Health Insurance Deductibles
Unlike auto, home, or renters insurance deductibles, which you pay per approved claim, health insurance deductibles refer to a specified amount you must spend on prescriptions or services (eg, hospital bills, surgeries, lab tests, etc.) before your insurer will begin to cover expenses. In most cases, copays don’t count towards your deductible.
For instance, if you break your arm and need to visit the ER and undergo treatment, and you have a $1,500 deductible, you’d need to pay $1,500 before your insurer covers any remaining expenses. If the total cost of treatment was $10,000 and your insurer picks up 100% of costs after you pay a deductible, they’d cover the remaining $8,5000.
Not all policies cover all additional costs, however. Some use a coinsurance model. In this scenario, the insurer pays a percentage of costs – 80% or 90%, for example. In that case, you would need to pay the remaining balance, 10% to 20% of the costs using the example above.
Common types of health insurance plan deductibles include:
- prescriptions. If your health insurance policy contains coverage for prescriptions, it may also include a separate one for medication.
- In and out of network care. If you get care from a health professional or medical facility that’s not included in your insurer’s network of approved providers, you may have to meet a separate, out-of-network deductible, and that one could be higher than for in-network care.
- Family coverage. There are a couple of different ways companies handle family health insurance policies. Some insurers apply all covered costs toward your annual deductible, no matter which family member is being treated. This is known as an aggregate deductible. Other insurers impose what’s known as an embedded deductible, whereby each member of your family must meet a set limit before insurance applies to their care.
What is the difference between an insurance premium and a deductible?
A premium is the cost of your insurance coverage. If you receive health insurance through your employer, you may see a portion of your health insurance premiums deducted from each paycheck. Depending on your provider, you may also be able to pay your premiums monthly, semi-annually, or annually.
A deductible is an amount you’re responsible for paying toward any claim or medical bills before your insurer will pick up any costs. This could be a set dollar amount or a percentage.
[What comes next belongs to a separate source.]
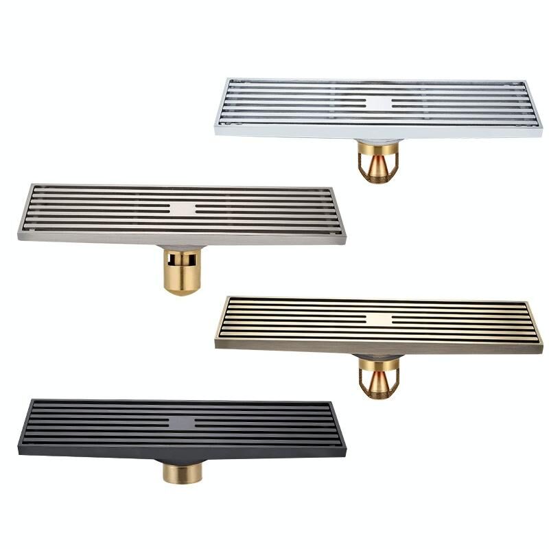8x30cm Εκτεταμένη πλήρης χάλκινη λωρίδα αποστράγγισης δαπέδου, Στυλ: Μαύρη ευθεία σειρά

Can I change my deductible?
Car insurance and renters or homeowner insurance companies generally allow you to increase or decrease your deductible or make other policy changes at any time, although you may be subject to fees for doing so. Health insurance policies usually cannot be altered until the policy is set to renew, frequently known as the open enrollment period, or if you’ve had a qualifying life change, such as getting married, having a child, or losing a job.
What is a minimum deductible?
A minimum deductible refers to the lowest deductible amount offered by your insurance company. For instance, an auto insurer may offer policies with deductibles ranging from $500 to $2,500. The $500 deductible is the minimum deductible and the lowest available. You can’t lower this figure, but you can increase it, which will lower your premiums. Some auto insurance policies will decrease your deductible over time as a reward for safe driving.
How long does a deductible last?
How long your deductible lasts depends on the type of insurance you purchase. Broadly speaking, automobile, homeowner, and rental insurance providers apply it to each claim you file during the policy term. With health insurance, the deductible represents your out-of-pocket obligations for the year, either for the entire policy, a covered member, or a specific type of expense, like prescriptions.